Гитлеровцы, отступая, увозили хлеб с собой. А то, что не удавалось увезти, сжигали в амбарах и на корню. Однако наступление развивалось так стремительно, что им порой еле удавалось унести ноги. Мы шли по полям, на которых дозревали хлеба, а убирать было некому. И тогда одновременно с битвой за изгнание врага началась битва за спасение урожая. В короткие промежутки между боями воины косили, молотили, строили склады, мельницы. За несколько недель, вспоминал Д. В. Павлов, бывший в годы войны наркомом торговли и начальником Главного управления продовольственного снабжения Красной Армии, фронтовики заготовили на освобожденной от врага территории свыше 300 тысяч тонн зерна и построили для его хранения 120 крупных зерновых складов.
Начиная войну, Гитлер заранее планировал, что значительная часть продовольствия для армии будет добыта на оккупированной территории за счет ограбления местного населения. И мы хорошо знаем, с какой жестокостью и цинизмом это делалось.

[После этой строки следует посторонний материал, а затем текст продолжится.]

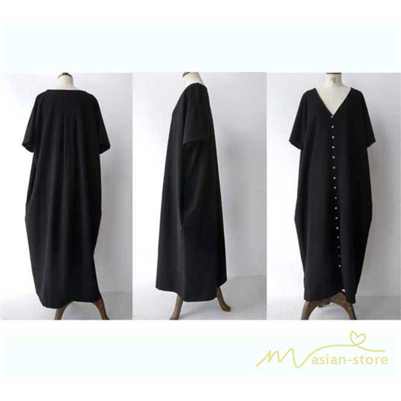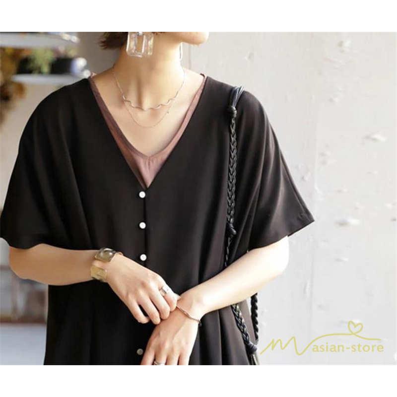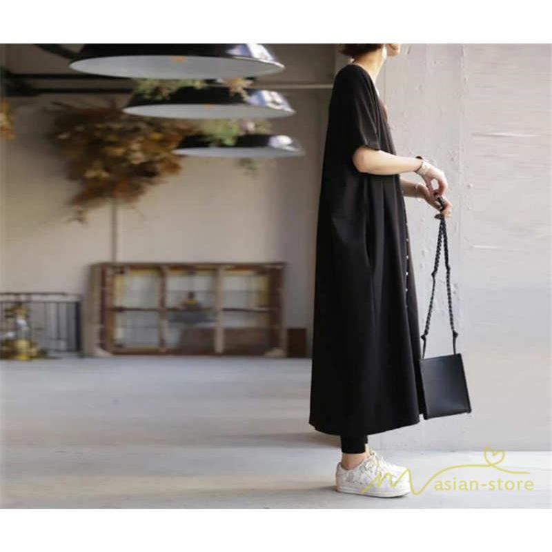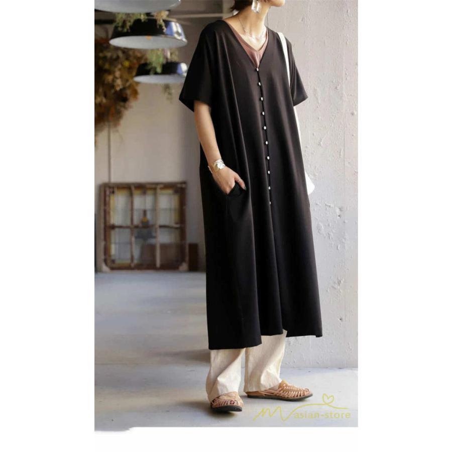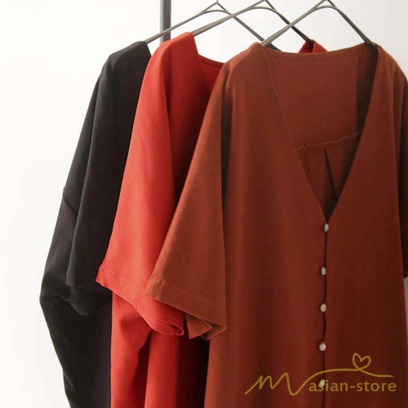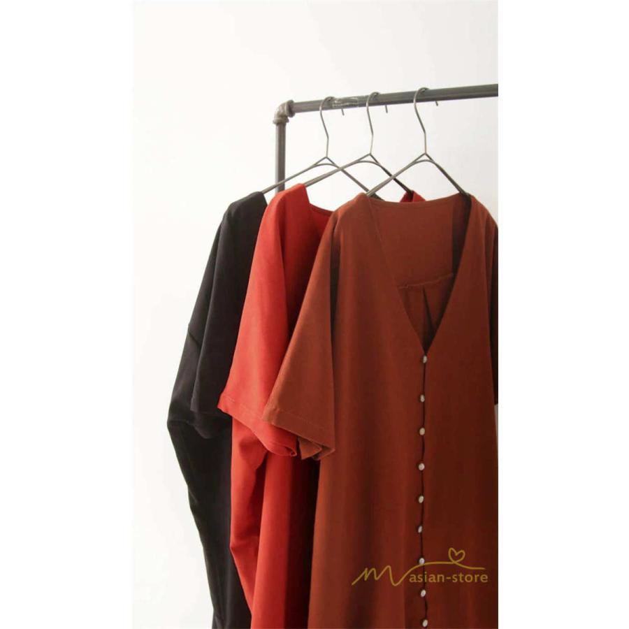 ワンピース レディース シャツワンピース 半袖 七分袖 5分袖 パフスリーブ vネック Aライン ロング ミモレ丈 マキシ丈 体型カバー マキシワンピース 春 夏 カジュアル ゆったり レディースファッション 20代 30代 綺麗 新品 新作 秋物 秋服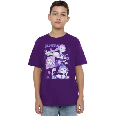 K Pop Demon Hunters Unisex Kid's Anime Huntrix Huntr/X T Shirt, Black, Purple, 3 4 Jahre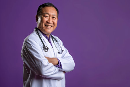 A doctor stands with arms crossed, showcasing a confident expression. Dressed in a white lab coat, he embodies professionalism and experience against a neutral gray backdrop. Copy space.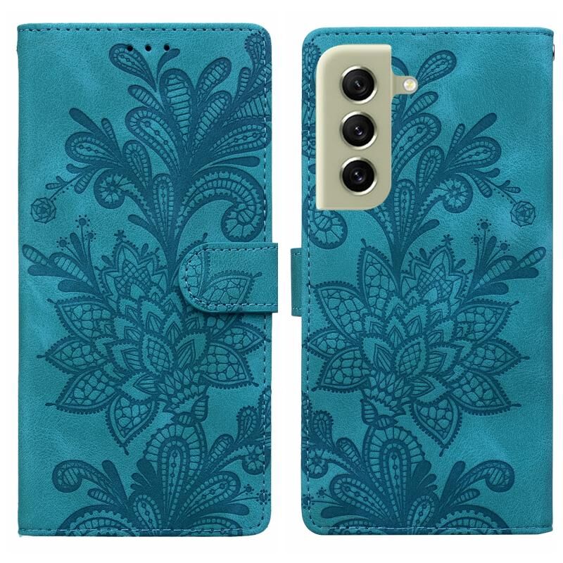 Θήκη κινητού τηλεφώνου Samsung Galaxy S21 5G από PU με δαντελένιο λουλουδάτο ανάγλυφο και μαγνητικό κούμπωμα, με λουρί καρπού (Πράσινο)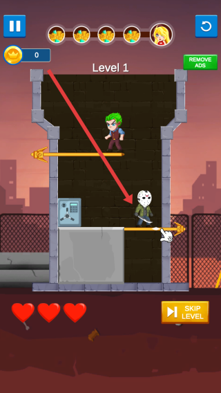 《拯救英雄》是一款巧妙融合冒险解谜与烧脑策略元素的动画风格精品游戏。玩家将置身于精美独特的场景之中,开启紧张刺激的营救行动——通过拔掉销钉、操控机关等方式,帮助身陷险境的英雄们成功脱险。每一次挑战都能带来满满的乐趣与成就感,从简单到复杂循序渐进的关卡设计,持续为玩家提供解谜的动力,非常适合热爱动脑闯关的玩家体验。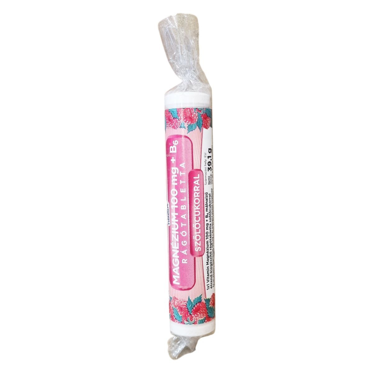 Az 1x1 Vitamin Magnézium 100 mg + B6 málnaízű rágótabletta szőlőcukorral magnéziumot és B6-vitamint tartalmaz, amely hozzájárulhat a normál izomműködéshez és segítheti a fáradtság csökkentését. A termék szőlőcukrot is tartalmaz, és a napi ajánlott adag három rágótabletta, mely 300 mg magnéziumot és 1,05 mg B6-vitamint biztosít. A termék összetevői között szerepel dextróz, magnézium-oxid, citromsav, maltodextrin, csomósodást gátló anyag, természetes aroma, pálmaolaj, gumiarábikum és piridoxin-hidroklorid. Energia- és tápértéke 100 grammra és a napi adagra lebontva részletesen dokumentált. A termék származási helye az Európai Unió. Az étrend-kiegészítő nem helyettesíti a kiegyensúlyozott étrendet és az egészséges életmódot. A tabletták érzékenyek a levegőre és a páratartalomra, ezért száraz, hűvös helyen kell tárolni őket, elzárva a gyermekektől.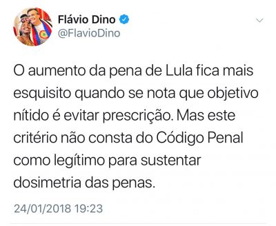 O governador Flávio Dino usou sua página no Twitter para criticar a manutenção da condenação e aumento da pena do ex-presidente Lula e advertiu que “nem Lula nem ninguém pode ser condenado a 12 anos com base em alegados indícios e em palavras de delator”.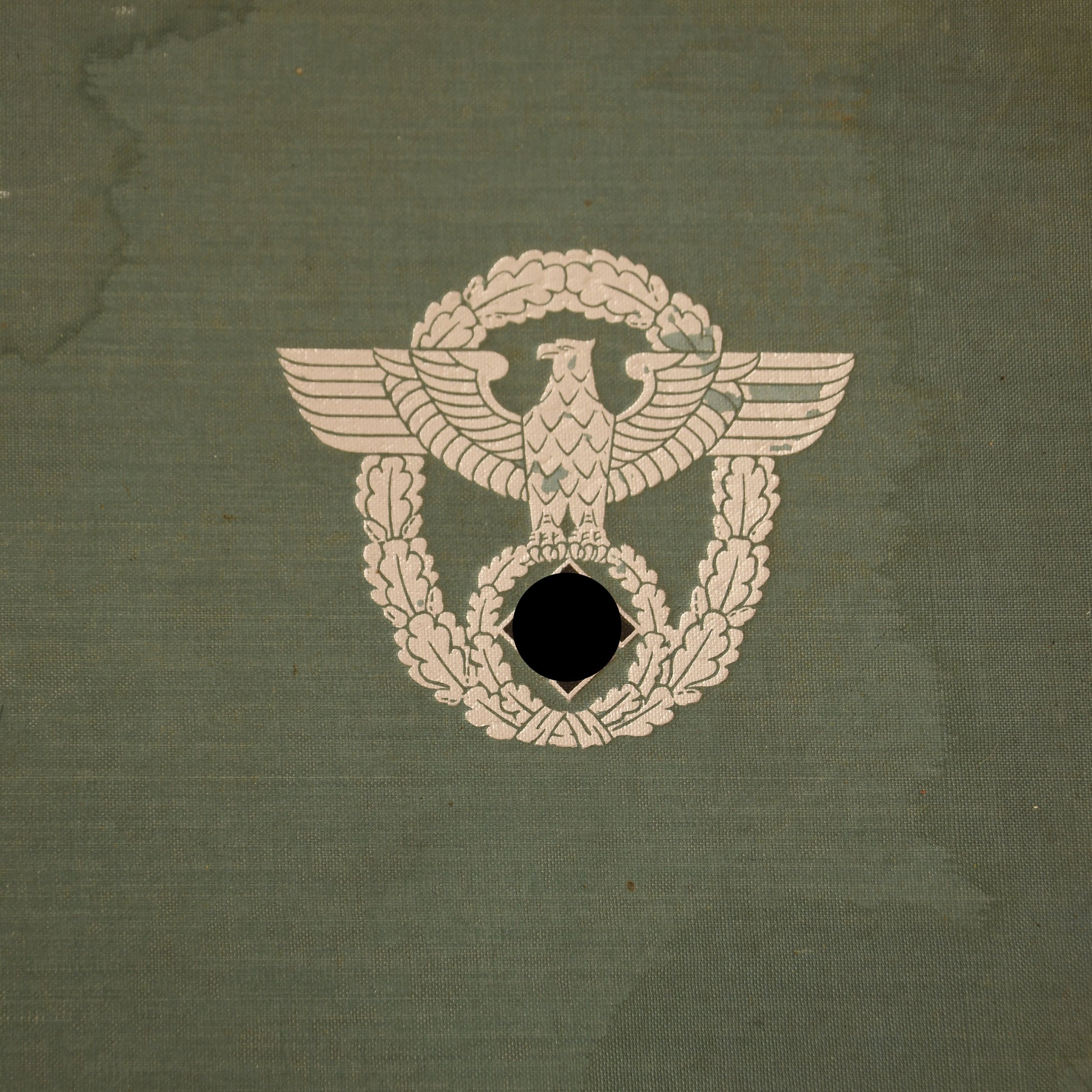 A very rare book on the German Ordnungs Polizei, one of only three copies we have handled in over 35 years. Measuring 27 x 33 cm, the book features an outer green canvas cover with a large Third Reich police insignia, central black swastika, and silver embossing. The binding is unusual for a work of this quality: the 13 beautifully illustrated colour plates, each accompanied by pages of text, are placed within the cover, punch-holed, and held together with cord.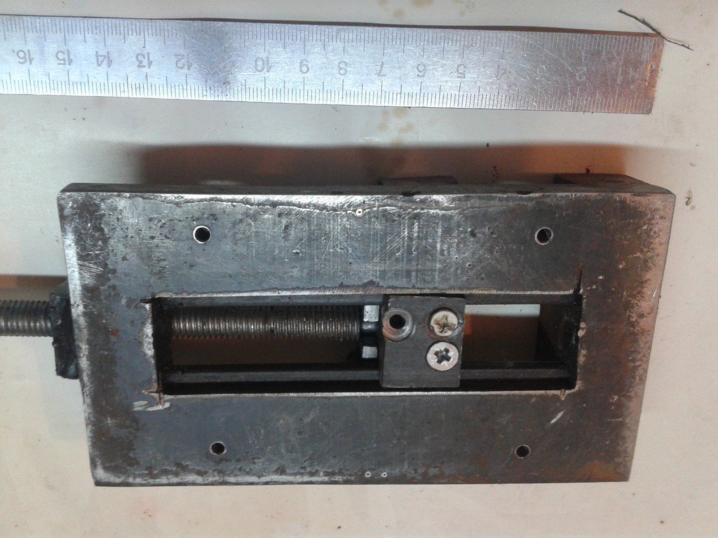 Эта самодельная прямоугольная гайка будет удерживать эксцентрик на подвижной губке, и позволять им двигаться по перемычке швеллера (направляющей) в ту или другую сторону.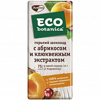 Натуральный темный шоколад Eco Botanica с крупными кусочками спелых абрикосов и экстрактом клюквы – необычное сочетание вкусов для любителей эко-сладостей.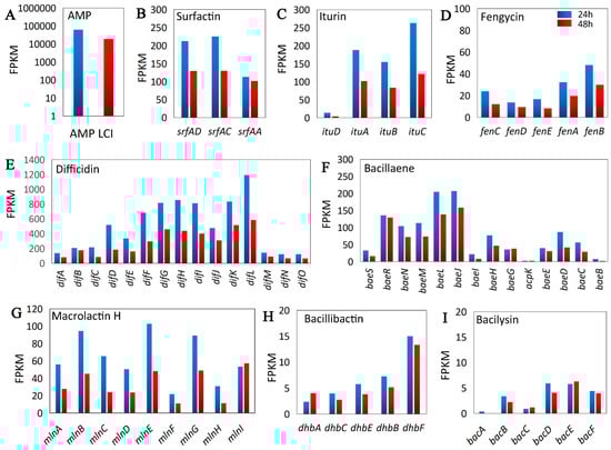 As shown in Table S1, gene expression was detected in 3539 (90.12%) and 3353 (85.38%) genes of VC3 after 24 h and 48 h of incubation, respectively, of which 1078 (30.46%) and 913 (27.23%) were highly expressed genes (FPKM > 60). An analysis of the relative expression levels of the antimicrobial gene clusters showed that the synthesized genes for AMP, surfactin, iturin, difficidin, bacillaene, and macrolactin H were highly expressed genes, whereas the fengycin, bacillibactin, and bacilysin gene clusters were relatively lowly expressed genes (Figure 3).

Грабили не только нашу страну, но и другие оккупированные страны Европы. Люди умирали с голоду. Они ждали освобождения, помощи, хлеба. И хотя нам самим было неимоверно трудно, наша полуголодная, опустошенная врагом страна протянула руку помощи голодающей Европе. В первые же дни после освобождения Варшавы ее жителям было передано 60 тысяч тонн хлеба, которым могли прокормиться 400 тысяч человек в течение года. 10 тысяч тонн зерна получили жители освобожденной Вены. А мирные немцы в Берлине были фактически приняты на наше котловое довольствие. Квартал за кварталом очищался от фашистов город, и вслед за наступающими войсками, прямо на улицах и площадях, наши тыловики организовывали кормление немцев. Об этом заранее побеспокоилось советское командование, выделив около 400 офицеров войскового тыла, имевших в своем распоряжении свыше 800 автомашин и четыре продовольственных склада. Благодаря этому в Берлине, в ходе его штурма, было спасено от голодной смерти более трех миллионов человек.
Хлеб... Нет на земле другого продукта, о котором было бы сложено столько пословиц, поговорок, произнесено мудрых изречений.
Не мы хлеб носим, а хлеб нас.
Хлеб не шуба, а греет.
Будет хлеб - будет и обед.
Где хлеб - там жизнь.
Не будет ни праздника, ни обеда, коли на столе нет хлеба.
Золото имеет цену, хлебу цены нет.
Без хлеба самый добрый солдат не воин.
Сколько ни думай, а лучше хлеба не придумаешь.
Кусок хлеба, разделенный пополам и съеденный вместе, делает людей друзьями. Жалок тот, кто не испытал радости, поделившись куском хлеба с голодным, кто не испытал от этого сладостного удовольствия.
Хлеб. Откуда взялось это название? Кто придумал? русское ли оно?
Нет, это слово не русское, не славянское. Оно пришло к нам от древних германцев, у которых существовало слово "хлайб". Германцы ж переняли его у древних готов, которые называли хлеб "хлайфс". Однако, как оказалось, и готы, в свою очередь, воспользовались греческим словом "клибанос", несколько видоизменив его. "Клибанос" же древние греки называли специальные горшки, в которых выпекали хлеб. И вот: клибанос - хлайфс - хлайб - хлеб.
Так, по мнению специалистов, видоизменяясь у каждого народа по-своему, греческое слово "клибанос" в конце концов стало русским словом "хлеб", так же, как у болгар, поляков, чехов, белорусов. У эстонцев - это лейб, у украинцев - хлиб.